• **Dataset excerpts**
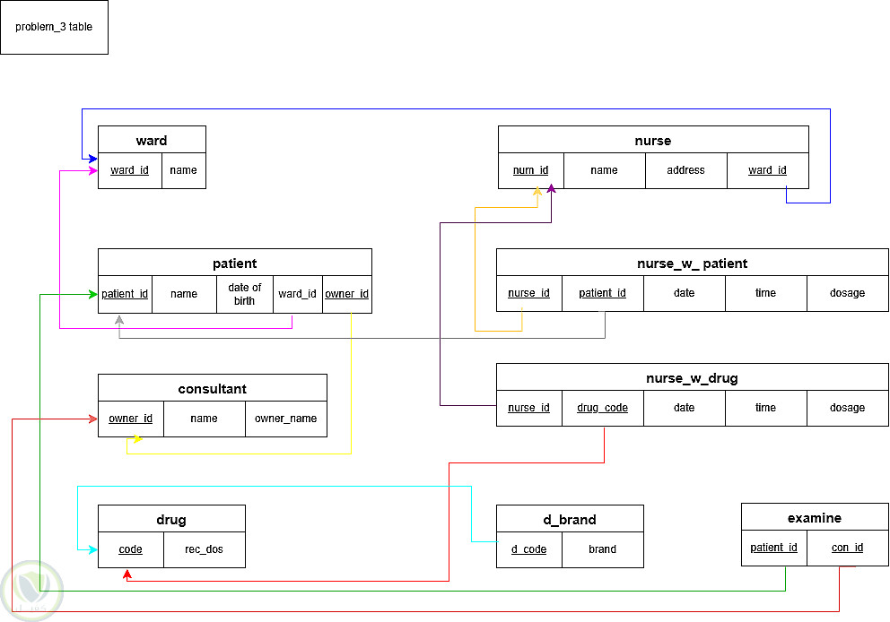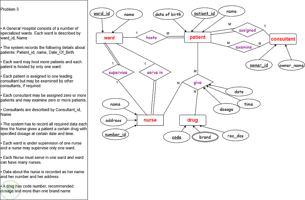 إدارة التمريض: توضيح العلاقة المزدوجة بين الممرضة والعنبر (علاقة إشراف 1:1، وعلاقة عمل 1:N).
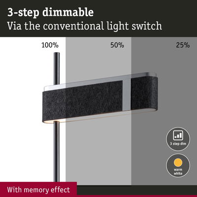 | Dim | Dimmable in 3 steps with normal light switch |
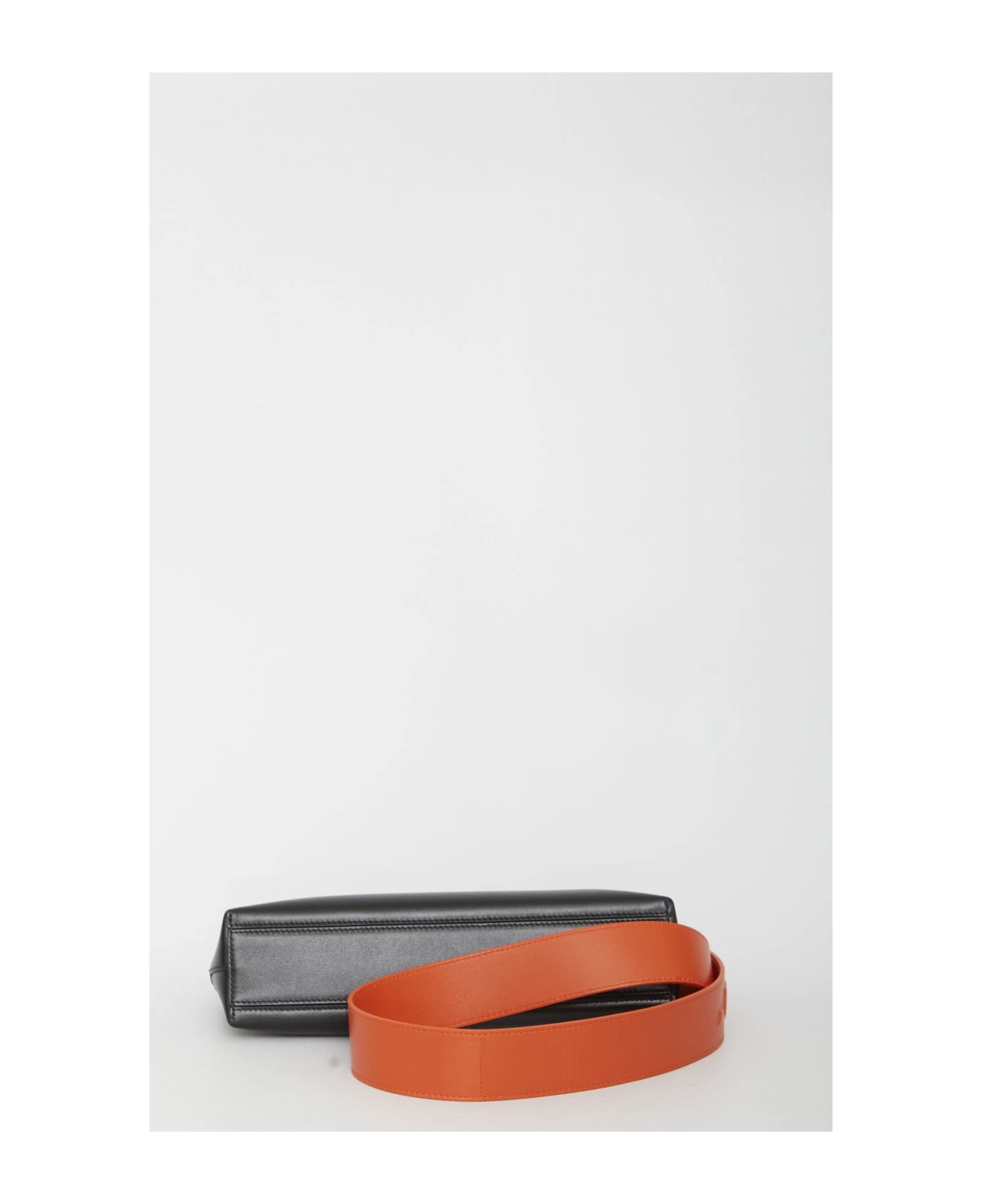 Goji Small bag in black nappa with gold-tone metal hardware. It features embossed Jil Sander logo on the front, orange leather shoulder strap with logo, one additional adjustable and detachable shoulder strap in black leather, clasp closure, one main interior compartment and one interior zip pocket.
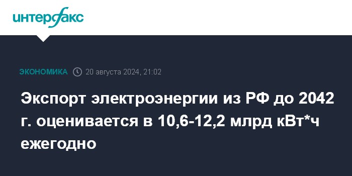 Экспорт электроэнергии из РФ до 2042 г. оценивается в 10,6-12,2 млрд кВт*ч ежегодно
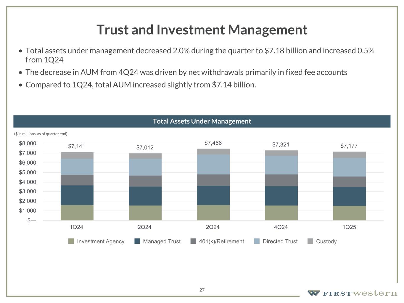 157 180 196 164 166 168 62 94 111 154 161 132 122 125 129 76 78 86 255 255 255 Chart color Table color Special Headlines Slide Headlines / Text on light background Primary Colors Secondary Colors Primary Background / Call Out Boxes / Text on dark background Chart color Table Color Tertiary Colors Chart color Table Color Chart Color Chart Color Approved Fonts AaBbCc 123 Lora (bold) Slide Headlines / Special Headlines AaBbCc 123 Lato(regular, bold, italics) Body Copy / Subheadings / Small Text Descriptions 26 Total Deposits • Total deposits increased 0.4% from $2.51 billion in 4Q24 to $2.52 billion in 1Q25 • Noninterest-bearing deposits increased 9.0% from $376 million in 4Q24 to $410 million in 1Q25 primarily due to operating account fluctuations and new client relationships • Interest-bearing deposits decreased 1.4% from $2.14 billion in 4Q24 to $2.11 billion in 1Q25 primarily driven by a reduction in time deposits due to maturing high-cost CDs not renewing 1Q24 4Q24 1Q25 Money market deposit accounts $ 1,503,598 $ 1,513,605 $ 1,566,737 Time deposits 442,834 471,415 379,533 Interest checking accounts 132,415 139,374 144,980 Savings accounts 18,887 14,212 14,451 Noninterest-bearing accounts 434,236 375,603 409,696 Total Deposits $ 2,531,970 $ 2,514,209 $ 2,515,397 Deposit Portfolio Composition Total Deposits $2,455 $2,414 $2,403 $2,499 $2,454 $2,514 $2,515 1Q24 2Q24 3Q24 4Q24 1Q25 4Q24 1Q25 $1,000 $1,500 $2,000 $2,500 $3,000 Average Period End ($ in millions, as of quarter end)($ in thousands, as of quarter end)

• **EXERCISE OBJECTIVE**
Retyping should start at the first line of the data above and stop after the line with "Экспорт электроэнергии из", and no picture should be included.

• **SOLUTION**
 إدارة التمريض: توضيح العلاقة المزدوجة بين الممرضة والعنبر (علاقة إشراف 1:1، وعلاقة عمل 1:N).
 | Dim | Dimmable in 3 steps with normal light switch |
 Goji Small bag in black nappa with gold-tone metal hardware. It features embossed Jil Sander logo on the front, orange leather shoulder strap with logo, one additional adjustable and detachable shoulder strap in black leather, clasp closure, one main interior compartment and one interior zip pocket.
 Экспорт электроэнергии из РФ до 2042 г. оценивается в 10,6-12,2 млрд кВт*ч ежегодно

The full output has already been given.